第5話 鏡占い

 茶菓子のチョコレートを口にする。

 口の中にほろ苦くも甘い、絶妙な味が広がる。

 【鏡占い】を語る前のちょっとした休憩である。


 「しかし、よく暗記してらっしゃいますね」


 関心したようにナターシャへ言ったのは、アザリーナの侍女だった。

 本来なら、黙々と仕事をこなす彼女だが、茶会の主催であるアザリーナからも、ナターシャが気負わないようフォローしてくれとの指示があったので話しかけた。


 「そうですか?」


 「そうですよ」


 侍女の返しに女官も、うんうん頷いている。

 女官の方は元々寡黙な人なので、必要以上に言葉を口にしなかった。

 その代わり、今のように態度で意思表示をしてくる。


 「普通、あのような話をする際は、読み聞かせになるので本を手にして語るものです。

 ですが、ナターシャ様はスラスラと、まるで詩でも諳んじるように語っているではないですか」


 「あー、それは多分、姉、友人のお陰かな、と」


 というか、ナターシャは特に気に入った物語もそうだが、伝説の宮廷詩人タリエシンの詩なら全て暗記している。

 記憶力だけはよかったりするのだ。

 そこで食いついて来たのは、アザリーナだった。

 

 「お姉様、あぁ、男爵夫人のミズキね。

 彼女のことは、よく覚えているわ。

 えぇ、それはもう」


 やたらニコニコして言われてしまう。


 「こう言ってはなんだけど、貴方を後宮に迎えるきっかけを作った人物ですしねぇ」


 アザリーナの言葉に侍女もだが、何故か女官も頬を赤らめた。

 どうやら彼女達も、ミズキが王都にいた頃にもやっていた紙芝居の夜公演、その元客のようだった。


 「後宮内の図書室も本が充実しましたしね」


 侍女が興奮気味に言った。

 どうやら、あのピンク区画(便宜上、ナターシャが勝手にそう呼んでいる)もとい、棚は後宮に住む他の妃達だけでなく女性従業員にも好評のようだ。


 (……充実していいんでしょうか?)


 若い人を中心に好評のようだが、女官長など年老いて頭の硬い者達にはひどく目の敵にされてるコーナーだ。

 何しろ、その棚の手入れはナターシャとナターシャ付きの侍女がやっているくらいだ。

 アザリーナと対立している、第二妃のカタリーナとその取り巻き令嬢達からも嫌われているナターシャだが、年老いた女官長達からも、余計な物を持ち込んだ令嬢として嫌われていた。

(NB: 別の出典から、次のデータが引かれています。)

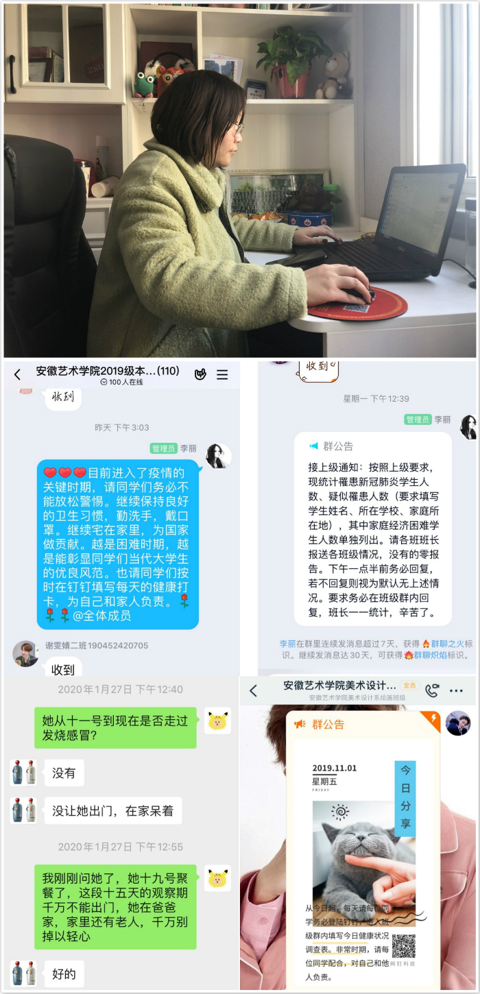 自新冠肺炎发生以来,虽是新入职辅导员,但具有疫情敏锐性的美术设计系辅导员李丽,迅速从“休假”模式切换到“战时”模式,严格落实疫情防控责任,做到守土尽责。
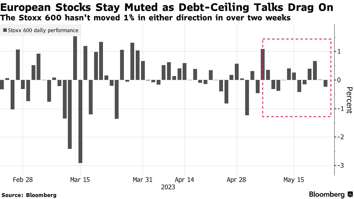 欧洲股市今年以来上涨了10%,但本月因担忧经济增长放缓和债务上限谈判未能取得进展,投资者未敢大举下注,导致涨势有所减缓。尽管 Stoxx 600 指数接近2022年2月以来的最高水平,但该指数已经连续两周多未出现1%的涨跌。

 それこそ、おとぎ話に出てくる、人を堕落させる悪魔とでも思われているかもしれない。

 まぁ、思われたところでナターシャは痛くも痒くもないのだが。

 それこそ、穢れなき最初の女に知恵の実を食べさせた蛇と思われていそうだ。

 それならそれで、なかなかカッコいいと思ってしまうのがナターシャだった。


 「皆様が楽しんでいるのならいいんですが」


 ふと、ナターシャがそんなことを口にした。

 すると、


 「それはもう!!」


 侍女が力強く頷いて肯定しいてくる。

 どうやら、数少ない娯楽としてかなりあのピンクのコーナーは重宝されているらしい。


 「それなら良かったです」


 そんな雑談を交えつつ、ナターシャは【鏡占い】を語り始めた。

 そして、語り終える。

 聞き手であるアザリーナが、ナターシャの語りを聞き終える。

 するとしばらく、何かを考えるように黙ってしまった。

 感想としては、先に話した【通う娘】より好みだったようで、短く「面白かったわ」と言ってくれた。

 そのことに、ナターシャも胸をなでおろす。

 侍女がお菓子と、お茶のお代わりを用意してくれたので、それに舌鼓をうつ。

 一仕事を終えて、お菓子とお茶を楽しんでいたナターシャへアザリーナがこんな事を言ってきた。


 「ねぇ、ナターシャ。

 少しお願いがあるんだけど」


 「……むぐっ、はい?

 お願い、ですか?」


 正室が改まって側室になんのお願いがあるというのか。

 ナターシャは不思議に思いながら聞き返した。

 

 「えぇ、この話、陛下にもしてもらえないかしら?」


 「陛下に、ですか??

 いいですけど」


 「けど?」


 「あの、こんなことをアザリーナ様に面と向かって言うのは、すごく憚られるんですけど。

 私、その、まだ一度も陛下に、その」


 さすがに言葉を選びつつ、ナターシャは自分には一度も、所謂【渡り】が無いことを伝える。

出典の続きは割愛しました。